Task instructions
An exact transcription is needed of the lines below from the one with "arboleaf Masseur de" through the one with "introducerea tevii T", with no other lines and no pictures.

The data
———

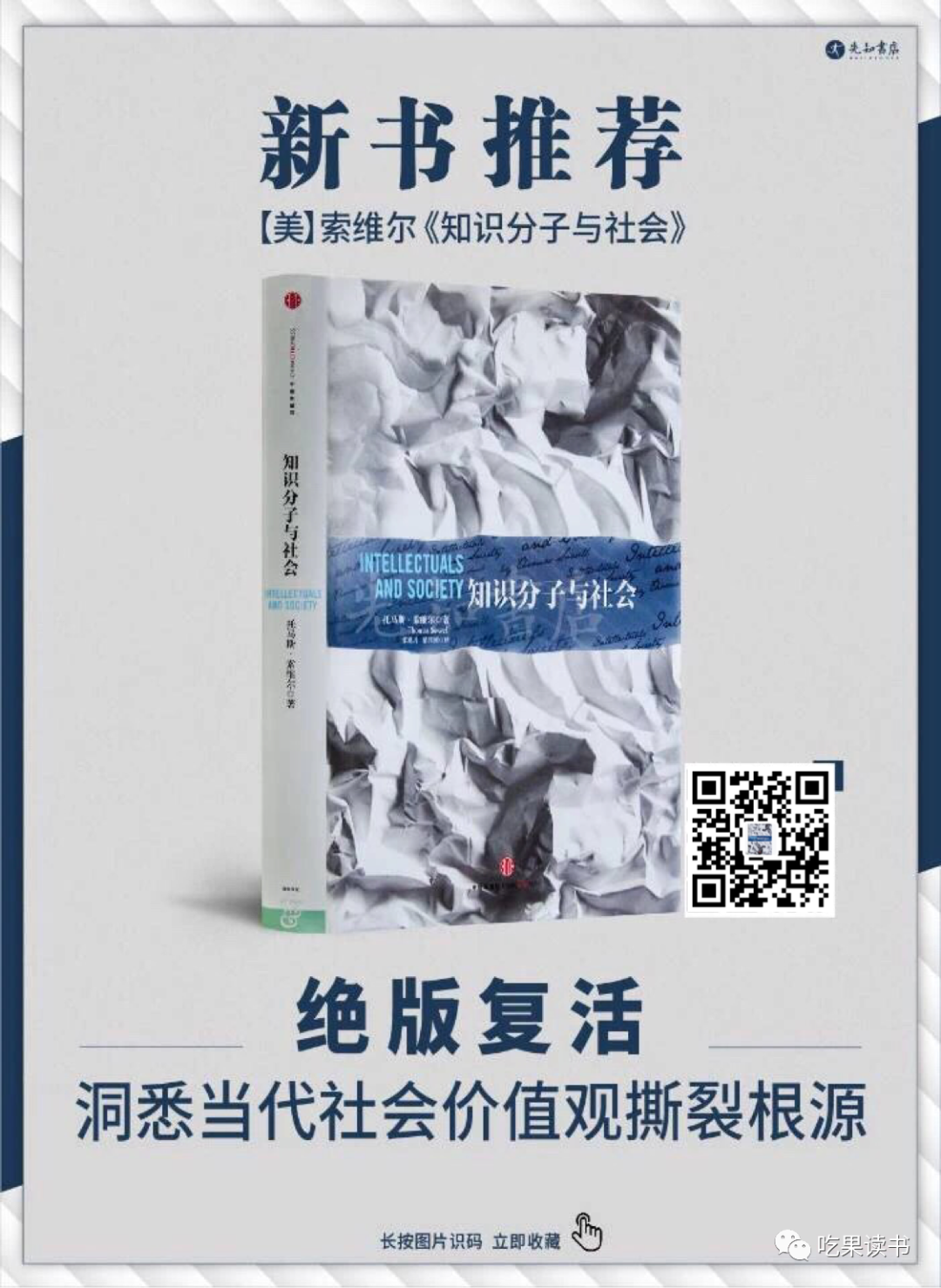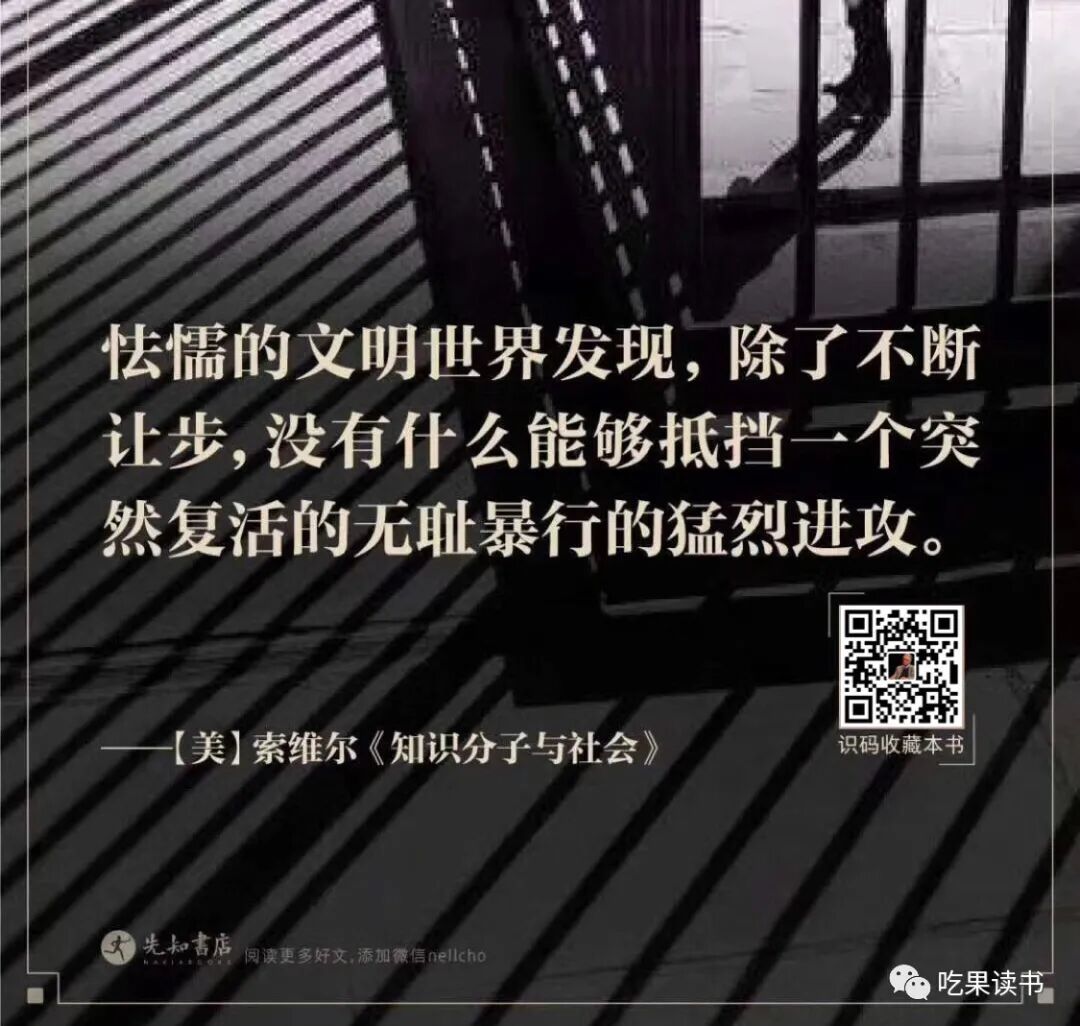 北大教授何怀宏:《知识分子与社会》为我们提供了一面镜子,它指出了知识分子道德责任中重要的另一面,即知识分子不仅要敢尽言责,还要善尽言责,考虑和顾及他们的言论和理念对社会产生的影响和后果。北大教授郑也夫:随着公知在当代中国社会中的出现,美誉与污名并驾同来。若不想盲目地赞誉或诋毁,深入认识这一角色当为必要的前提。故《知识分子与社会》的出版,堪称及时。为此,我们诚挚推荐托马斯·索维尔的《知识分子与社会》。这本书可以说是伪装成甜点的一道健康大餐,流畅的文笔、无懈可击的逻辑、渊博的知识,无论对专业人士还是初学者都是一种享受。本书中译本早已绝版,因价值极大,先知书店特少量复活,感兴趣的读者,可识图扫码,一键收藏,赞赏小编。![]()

———

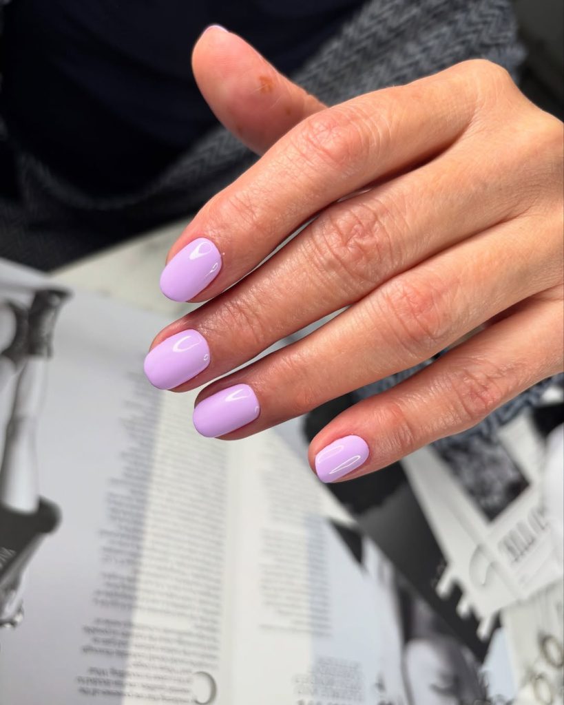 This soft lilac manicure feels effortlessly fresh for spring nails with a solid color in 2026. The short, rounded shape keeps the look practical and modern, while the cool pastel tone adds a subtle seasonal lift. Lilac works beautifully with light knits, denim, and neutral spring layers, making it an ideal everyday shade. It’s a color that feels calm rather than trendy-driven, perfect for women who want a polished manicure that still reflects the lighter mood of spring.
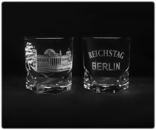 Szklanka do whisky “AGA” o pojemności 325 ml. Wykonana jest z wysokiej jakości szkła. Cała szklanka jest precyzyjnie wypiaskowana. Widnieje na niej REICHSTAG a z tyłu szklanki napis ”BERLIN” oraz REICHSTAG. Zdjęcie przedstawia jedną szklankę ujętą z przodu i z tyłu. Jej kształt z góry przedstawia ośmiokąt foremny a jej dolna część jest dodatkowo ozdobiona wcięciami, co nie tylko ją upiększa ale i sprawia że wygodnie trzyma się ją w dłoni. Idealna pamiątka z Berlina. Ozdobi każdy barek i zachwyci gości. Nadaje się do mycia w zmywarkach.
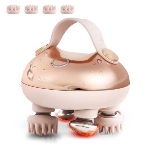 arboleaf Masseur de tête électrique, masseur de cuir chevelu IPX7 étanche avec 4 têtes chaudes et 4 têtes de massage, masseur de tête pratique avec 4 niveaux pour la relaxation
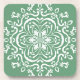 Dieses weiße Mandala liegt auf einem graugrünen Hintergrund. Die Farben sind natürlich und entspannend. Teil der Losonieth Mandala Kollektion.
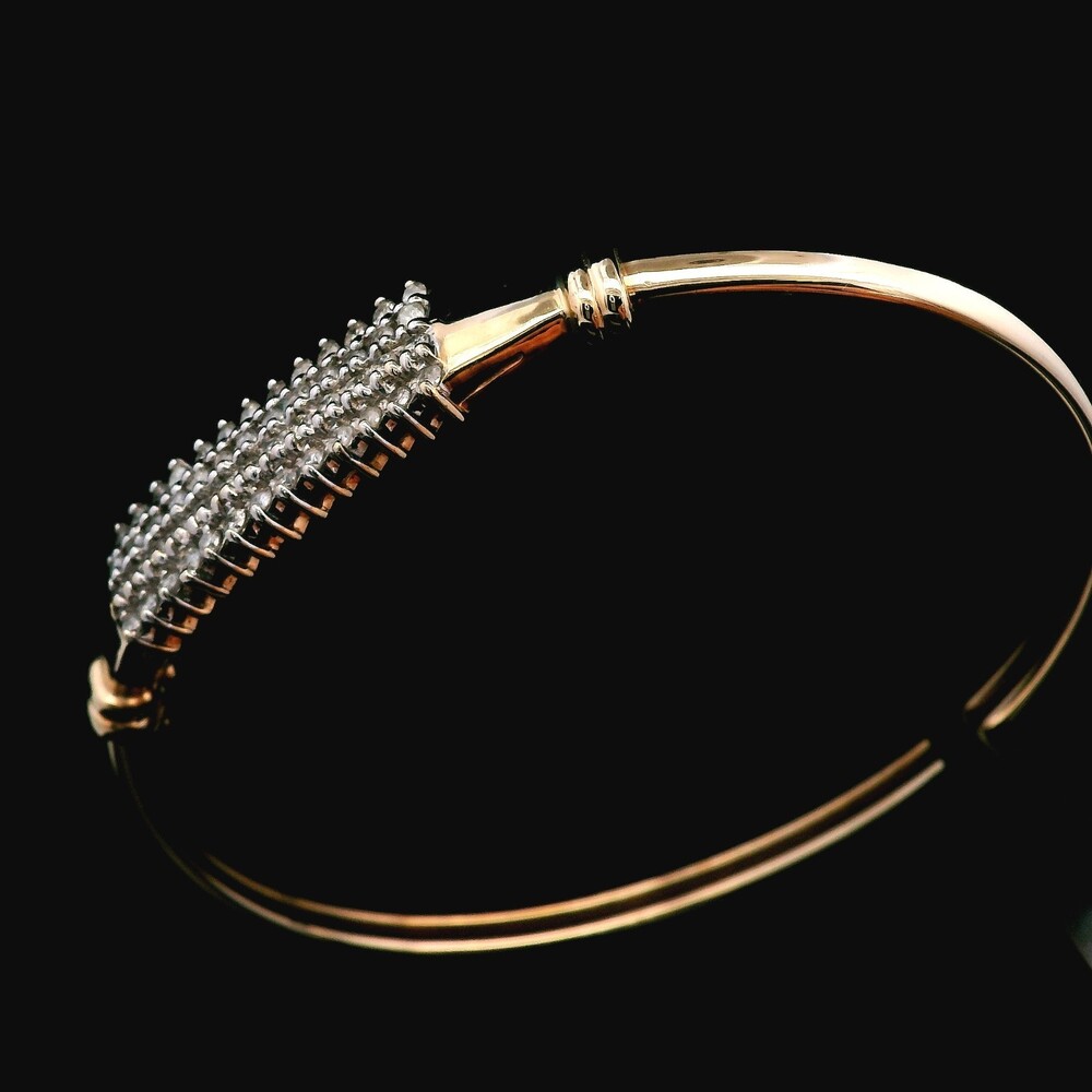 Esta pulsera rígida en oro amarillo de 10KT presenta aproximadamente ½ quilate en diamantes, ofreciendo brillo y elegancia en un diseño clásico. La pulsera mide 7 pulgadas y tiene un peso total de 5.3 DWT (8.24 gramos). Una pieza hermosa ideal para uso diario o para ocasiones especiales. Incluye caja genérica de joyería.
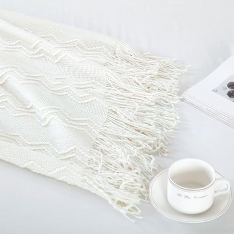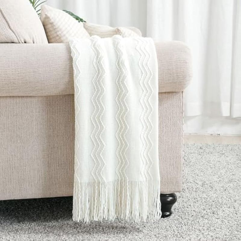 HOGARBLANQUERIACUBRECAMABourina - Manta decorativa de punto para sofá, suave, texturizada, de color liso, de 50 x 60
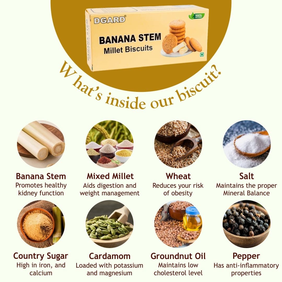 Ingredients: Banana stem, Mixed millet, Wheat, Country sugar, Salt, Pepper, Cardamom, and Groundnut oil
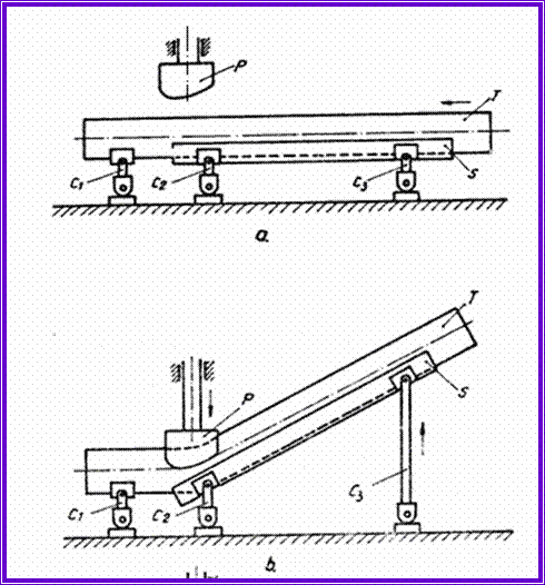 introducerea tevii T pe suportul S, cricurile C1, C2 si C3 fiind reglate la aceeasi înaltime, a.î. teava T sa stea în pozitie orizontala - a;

———

Task output
 arboleaf Masseur de tête électrique, masseur de cuir chevelu IPX7 étanche avec 4 têtes chaudes et 4 têtes de massage, masseur de tête pratique avec 4 niveaux pour la relaxation
 Dieses weiße Mandala liegt auf einem graugrünen Hintergrund. Die Farben sind natürlich und entspannend. Teil der Losonieth Mandala Kollektion.
 Esta pulsera rígida en oro amarillo de 10KT presenta aproximadamente ½ quilate en diamantes, ofreciendo brillo y elegancia en un diseño clásico. La pulsera mide 7 pulgadas y tiene un peso total de 5.3 DWT (8.24 gramos). Una pieza hermosa ideal para uso diario o para ocasiones especiales. Incluye caja genérica de joyería.
 HOGARBLANQUERIACUBRECAMABourina - Manta decorativa de punto para sofá, suave, texturizada, de color liso, de 50 x 60
 Ingredients: Banana stem, Mixed millet, Wheat, Country sugar, Salt, Pepper, Cardamom, and Groundnut oil
 introducerea tevii T pe suportul S, cricurile C1, C2 si C3 fiind reglate la aceeasi înaltime, a.î. teava T sa stea în pozitie orizontala - a;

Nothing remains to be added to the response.